By Kate Gibson, MarketWatch
NEW YORK (MarketWatch) -- U.S. stocks wavered Friday as the Dow
industrials and S&P 500 struggled to surpass two-year highs
while the Nasdaq Composite tallied solid gains on upbeat results
from Oracle Corp. and Research In Motion Ltd.
"The market is saying, 'We're going to wrap it up for the year,'
and today we're meandering around zero," said John Canally, an
analyst at LPL Financial.
Friday's quarterly options and futures expiration could add
volatility to the market as traders close out positions, analysts
said, although as the afternoon progressed, that did not appear to
be the case.
After brief forays into positive turf, the Dow Jones Industrial
Average (DJI) was lately off 1.21 points to 11,498.04, with its 30
components evenly divided between gains and losses.
The S&P 500 (SPX) added 2.42 points to 1,245.29, with
materials the best performer and telecommunications the weakest of
its 10 industry groups.
On Thursday, the Dow and S&P 500 closed at their highest
levels since September 2008, with the Dow now up 0.8% on the week
and the S&P 0.4% higher than last Friday's close.
The Nasdaq Composite (RIXF) climbed 11.54 points, or 0.4%, to
2,648.83, setting it up for a 0.4% weekly gain.
For every seven stocks on the decline, eight were rising on the
New York Stock Exchange, where 947 million shares had traded as of
2:50 p.m. Eastern.
Signaling the recovery will pick up steam early next year, the
Conference Board's index of leading economic indicators in November
made its biggest jump in eight months.
The index, which tracks data including orders for new goods,
climbed 1.1%, as economists surveyed by MarketWatch had
expected.
Concerns from overseas were again in play after Moody's
Investors Service downgraded Ireland's government-bond rating by
five notches and said the country had a weak economic outlook.

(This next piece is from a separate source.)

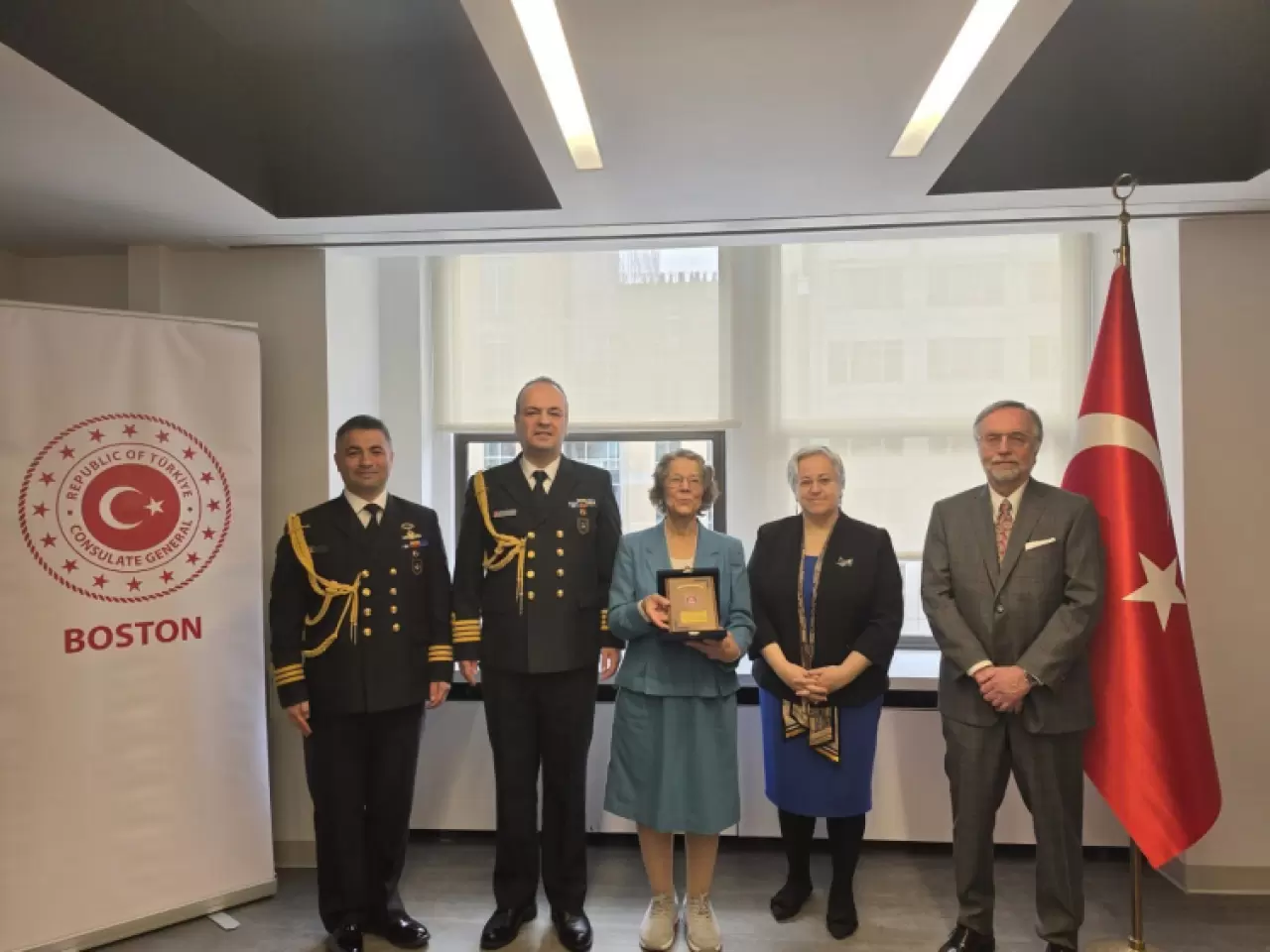 “4 Nisan 1953 tarihinde Çanakkale Boğazı'nın sularına emanet ettiğimiz TCG Dumlupınar'daki 81 şehit denizcimizin hatırasının yaşatılmasına katkı sağlayan Muazzez Kumrucu-Lohmiller ile Boston Başkonsolosluğumuzda bir araya geldik. 18 Mart Şehitler Günü ve Çanakkale Deniz Zaferi dolayısıyla düzenlenen törene iştirak eden Muazzez Kumrucu-Lohmiller'e Washington Deniz Ataşemiz Albay Sabri Haluk Orhon tarafından Deniz Kuvvetleri Komutanlığı Anı Plaketi takdim edildi. Aziz şehitlerimiz için 'Dumlupınar' ismini uzayda ölümsüzleştiren Muazzez Kumrucu-Lohmiller'e teşekkürlerimizi sunuyoruz.”

"Unfortunately we're still in an environment where European
sovereign debt is still an issue, and then the dollar goes up a
bit, commodities go up a bit and U.S. equities get hit a little
bit," said Art Hogan, chief market strategist at Jefferies &
Co.
Technology offered investors a bit of bullish momentum, with
quarterly results from software giant Oracle (ORCL) and Blackberry
maker Research In Motion (RIMM) topping Wall Street's expectations
late Thursday.
Ahead of Wall Street's open, the Bank of Montreal said it would
buy Wisconsin-based Marshall & Ilsley Corp. (MI@) for $4.1
billion in stock.
On Friday, President Barack Obama was expected to sign a
bipartisan tax package, extending Bush-era tax cuts for virtually
all American workers for another two years. The U.S. House passed
the legislation Thursday night.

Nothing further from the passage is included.